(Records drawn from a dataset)
--------------------------------------------------
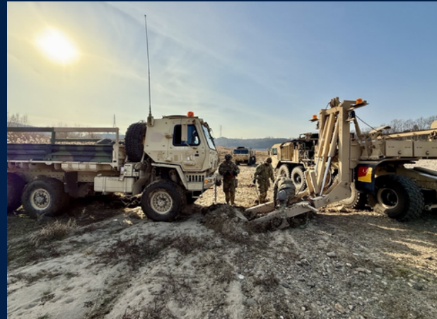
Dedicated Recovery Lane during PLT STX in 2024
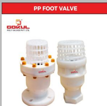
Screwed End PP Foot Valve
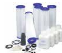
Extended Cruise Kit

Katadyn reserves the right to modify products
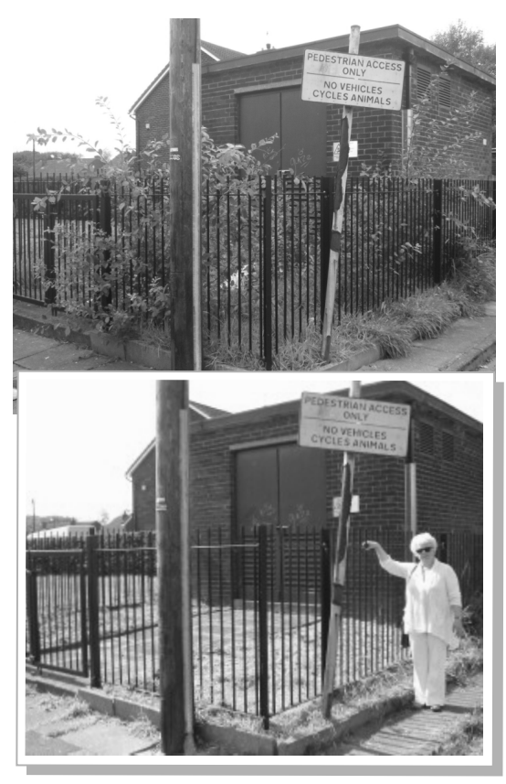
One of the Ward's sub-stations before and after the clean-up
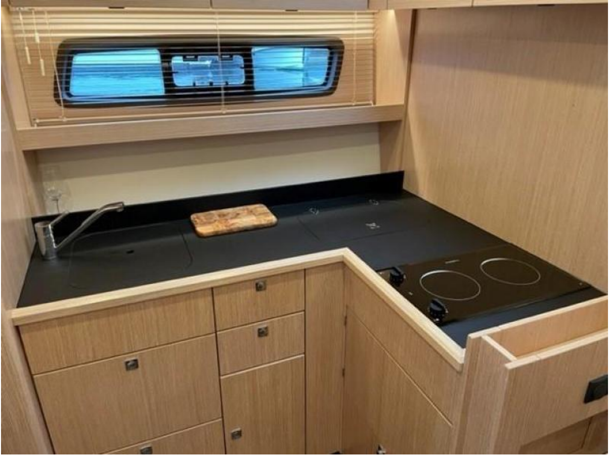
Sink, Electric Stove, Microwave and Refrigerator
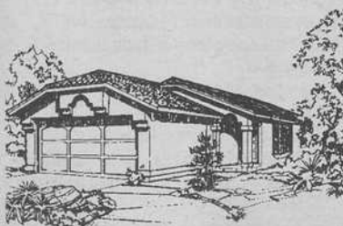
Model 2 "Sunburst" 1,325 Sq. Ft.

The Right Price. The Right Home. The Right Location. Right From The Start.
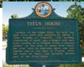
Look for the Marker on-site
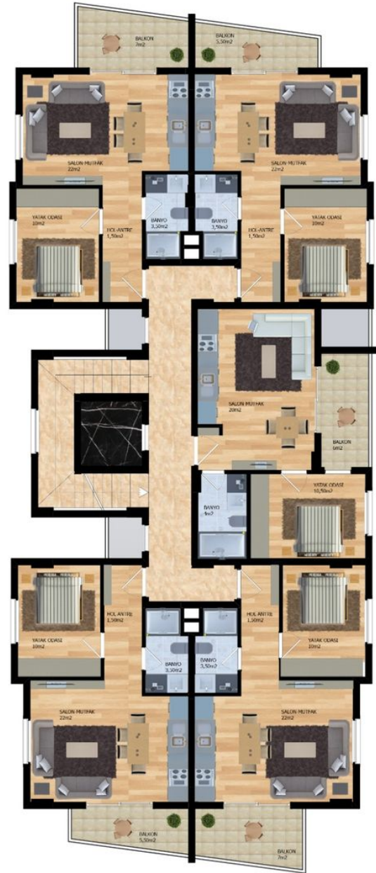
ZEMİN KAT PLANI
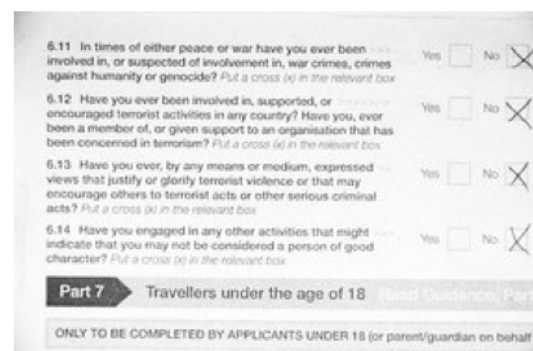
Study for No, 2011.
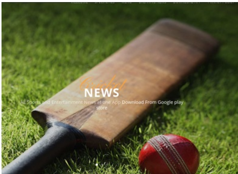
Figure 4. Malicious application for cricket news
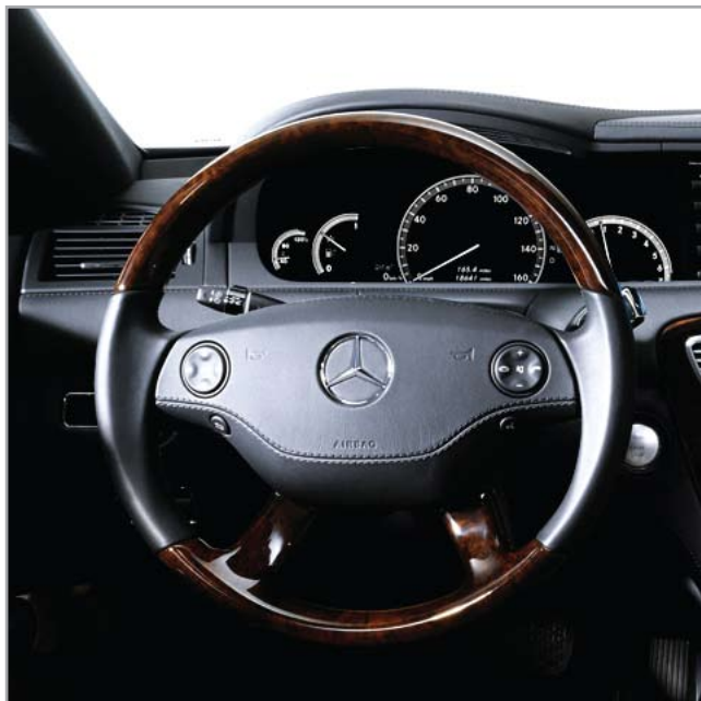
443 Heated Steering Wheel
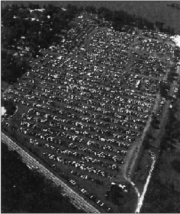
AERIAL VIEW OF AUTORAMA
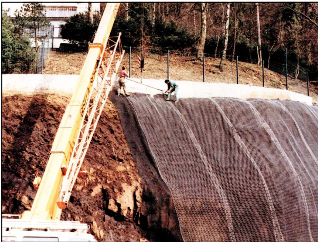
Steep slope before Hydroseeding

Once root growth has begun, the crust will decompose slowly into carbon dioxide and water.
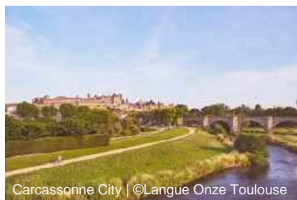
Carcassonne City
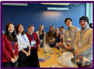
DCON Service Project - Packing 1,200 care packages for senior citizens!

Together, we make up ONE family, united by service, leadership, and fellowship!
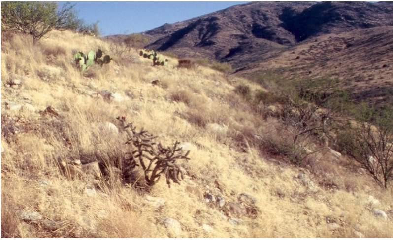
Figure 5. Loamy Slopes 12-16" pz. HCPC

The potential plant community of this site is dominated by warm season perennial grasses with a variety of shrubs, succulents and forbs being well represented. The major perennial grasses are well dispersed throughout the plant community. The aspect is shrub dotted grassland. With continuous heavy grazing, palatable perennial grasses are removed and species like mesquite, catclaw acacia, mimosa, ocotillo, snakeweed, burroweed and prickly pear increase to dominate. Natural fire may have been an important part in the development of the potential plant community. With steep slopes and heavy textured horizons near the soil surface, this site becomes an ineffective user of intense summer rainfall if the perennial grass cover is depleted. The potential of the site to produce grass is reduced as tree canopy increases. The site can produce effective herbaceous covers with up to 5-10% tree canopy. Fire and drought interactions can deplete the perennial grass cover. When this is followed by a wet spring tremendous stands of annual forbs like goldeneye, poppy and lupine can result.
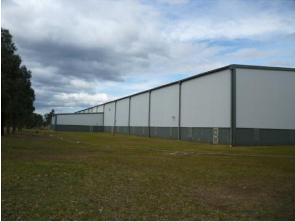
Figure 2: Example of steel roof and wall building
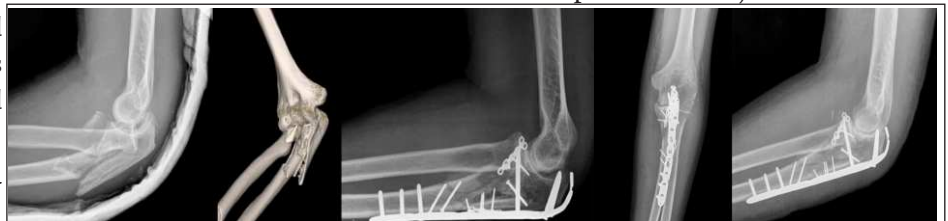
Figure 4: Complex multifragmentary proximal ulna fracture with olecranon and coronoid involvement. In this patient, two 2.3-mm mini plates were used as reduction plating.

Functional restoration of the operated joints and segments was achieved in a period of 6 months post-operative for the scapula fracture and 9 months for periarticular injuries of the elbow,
--------------------------------------------------
Exercise requirements: Gather from the data above every line with the string "fracture".

Response:
Figure 4: Complex multifragmentary proximal ulna fracture with olecranon and coronoid involvement. In this patient, two 2.3-mm mini plates were used as reduction plating.
Functional restoration of the operated joints and segments was achieved in a period of 6 months post-operative for the scapula fracture and 9 months for periarticular injuries of the elbow,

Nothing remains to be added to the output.